Requirement:
Your output must match the records exactly, line for line.

Data for this exercise:
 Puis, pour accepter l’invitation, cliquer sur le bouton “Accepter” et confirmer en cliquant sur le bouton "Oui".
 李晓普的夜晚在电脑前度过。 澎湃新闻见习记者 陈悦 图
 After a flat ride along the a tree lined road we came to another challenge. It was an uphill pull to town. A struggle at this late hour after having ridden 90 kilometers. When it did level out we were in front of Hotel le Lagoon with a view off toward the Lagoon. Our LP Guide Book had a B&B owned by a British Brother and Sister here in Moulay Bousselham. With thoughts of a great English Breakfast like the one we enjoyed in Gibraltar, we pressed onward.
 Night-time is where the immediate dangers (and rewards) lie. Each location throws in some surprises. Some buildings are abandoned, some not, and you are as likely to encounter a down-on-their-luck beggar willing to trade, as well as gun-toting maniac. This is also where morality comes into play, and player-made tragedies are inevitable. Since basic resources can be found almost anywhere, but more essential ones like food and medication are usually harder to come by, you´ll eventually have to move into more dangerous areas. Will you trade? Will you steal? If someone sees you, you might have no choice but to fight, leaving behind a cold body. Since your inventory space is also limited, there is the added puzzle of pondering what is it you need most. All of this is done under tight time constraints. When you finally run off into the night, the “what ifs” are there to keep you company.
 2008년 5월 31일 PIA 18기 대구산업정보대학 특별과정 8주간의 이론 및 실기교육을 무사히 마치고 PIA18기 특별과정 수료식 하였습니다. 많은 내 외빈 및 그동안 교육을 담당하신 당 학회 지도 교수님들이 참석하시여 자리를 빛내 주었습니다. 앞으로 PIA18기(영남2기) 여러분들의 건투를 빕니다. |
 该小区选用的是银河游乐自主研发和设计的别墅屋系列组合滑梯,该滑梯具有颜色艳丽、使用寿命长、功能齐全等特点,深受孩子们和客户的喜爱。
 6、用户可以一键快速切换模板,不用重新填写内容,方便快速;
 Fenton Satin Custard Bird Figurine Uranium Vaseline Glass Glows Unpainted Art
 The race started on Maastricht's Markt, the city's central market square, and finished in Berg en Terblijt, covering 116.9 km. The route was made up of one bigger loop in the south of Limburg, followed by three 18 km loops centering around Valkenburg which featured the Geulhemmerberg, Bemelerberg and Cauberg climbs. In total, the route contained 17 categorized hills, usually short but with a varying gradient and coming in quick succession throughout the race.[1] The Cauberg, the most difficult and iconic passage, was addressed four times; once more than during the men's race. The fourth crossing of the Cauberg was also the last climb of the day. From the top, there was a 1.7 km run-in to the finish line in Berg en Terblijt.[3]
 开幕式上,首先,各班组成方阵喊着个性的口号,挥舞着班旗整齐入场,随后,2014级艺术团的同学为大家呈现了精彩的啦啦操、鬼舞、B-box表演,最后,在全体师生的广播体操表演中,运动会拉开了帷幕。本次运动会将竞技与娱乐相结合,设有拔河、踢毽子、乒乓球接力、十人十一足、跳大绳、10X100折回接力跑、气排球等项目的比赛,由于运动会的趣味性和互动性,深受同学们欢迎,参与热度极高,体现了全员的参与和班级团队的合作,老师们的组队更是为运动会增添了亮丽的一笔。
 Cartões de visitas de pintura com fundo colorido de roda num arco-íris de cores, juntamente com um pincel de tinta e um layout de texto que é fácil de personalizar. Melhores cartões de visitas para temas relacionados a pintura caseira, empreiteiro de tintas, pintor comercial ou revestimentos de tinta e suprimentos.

Answer to the problem:
 Puis, pour accepter l’invitation, cliquer sur le bouton “Accepter” et confirmer en cliquant sur le bouton "Oui".
 李晓普的夜晚在电脑前度过。 澎湃新闻见习记者 陈悦 图
 After a flat ride along the a tree lined road we came to another challenge. It was an uphill pull to town. A struggle at this late hour after having ridden 90 kilometers. When it did level out we were in front of Hotel le Lagoon with a view off toward the Lagoon. Our LP Guide Book had a B&B owned by a British Brother and Sister here in Moulay Bousselham. With thoughts of a great English Breakfast like the one we enjoyed in Gibraltar, we pressed onward.
 Night-time is where the immediate dangers (and rewards) lie. Each location throws in some surprises. Some buildings are abandoned, some not, and you are as likely to encounter a down-on-their-luck beggar willing to trade, as well as gun-toting maniac. This is also where morality comes into play, and player-made tragedies are inevitable. Since basic resources can be found almost anywhere, but more essential ones like food and medication are usually harder to come by, you´ll eventually have to move into more dangerous areas. Will you trade? Will you steal? If someone sees you, you might have no choice but to fight, leaving behind a cold body. Since your inventory space is also limited, there is the added puzzle of pondering what is it you need most. All of this is done under tight time constraints. When you finally run off into the night, the “what ifs” are there to keep you company.
 2008년 5월 31일 PIA 18기 대구산업정보대학 특별과정 8주간의 이론 및 실기교육을 무사히 마치고 PIA18기 특별과정 수료식 하였습니다. 많은 내 외빈 및 그동안 교육을 담당하신 당 학회 지도 교수님들이 참석하시여 자리를 빛내 주었습니다. 앞으로 PIA18기(영남2기) 여러분들의 건투를 빕니다. |
 该小区选用的是银河游乐自主研发和设计的别墅屋系列组合滑梯,该滑梯具有颜色艳丽、使用寿命长、功能齐全等特点,深受孩子们和客户的喜爱。
 6、用户可以一键快速切换模板,不用重新填写内容,方便快速;
 Fenton Satin Custard Bird Figurine Uranium Vaseline Glass Glows Unpainted Art
 The race started on Maastricht's Markt, the city's central market square, and finished in Berg en Terblijt, covering 116.9 km. The route was made up of one bigger loop in the south of Limburg, followed by three 18 km loops centering around Valkenburg which featured the Geulhemmerberg, Bemelerberg and Cauberg climbs. In total, the route contained 17 categorized hills, usually short but with a varying gradient and coming in quick succession throughout the race.[1] The Cauberg, the most difficult and iconic passage, was addressed four times; once more than during the men's race. The fourth crossing of the Cauberg was also the last climb of the day. From the top, there was a 1.7 km run-in to the finish line in Berg en Terblijt.[3]
 开幕式上,首先,各班组成方阵喊着个性的口号,挥舞着班旗整齐入场,随后,2014级艺术团的同学为大家呈现了精彩的啦啦操、鬼舞、B-box表演,最后,在全体师生的广播体操表演中,运动会拉开了帷幕。本次运动会将竞技与娱乐相结合,设有拔河、踢毽子、乒乓球接力、十人十一足、跳大绳、10X100折回接力跑、气排球等项目的比赛,由于运动会的趣味性和互动性,深受同学们欢迎,参与热度极高,体现了全员的参与和班级团队的合作,老师们的组队更是为运动会增添了亮丽的一笔。
 Cartões de visitas de pintura com fundo colorido de roda num arco-íris de cores, juntamente com um pincel de tinta e um layout de texto que é fácil de personalizar. Melhores cartões de visitas para temas relacionados a pintura caseira, empreiteiro de tintas, pintor comercial ou revestimentos de tinta e suprimentos.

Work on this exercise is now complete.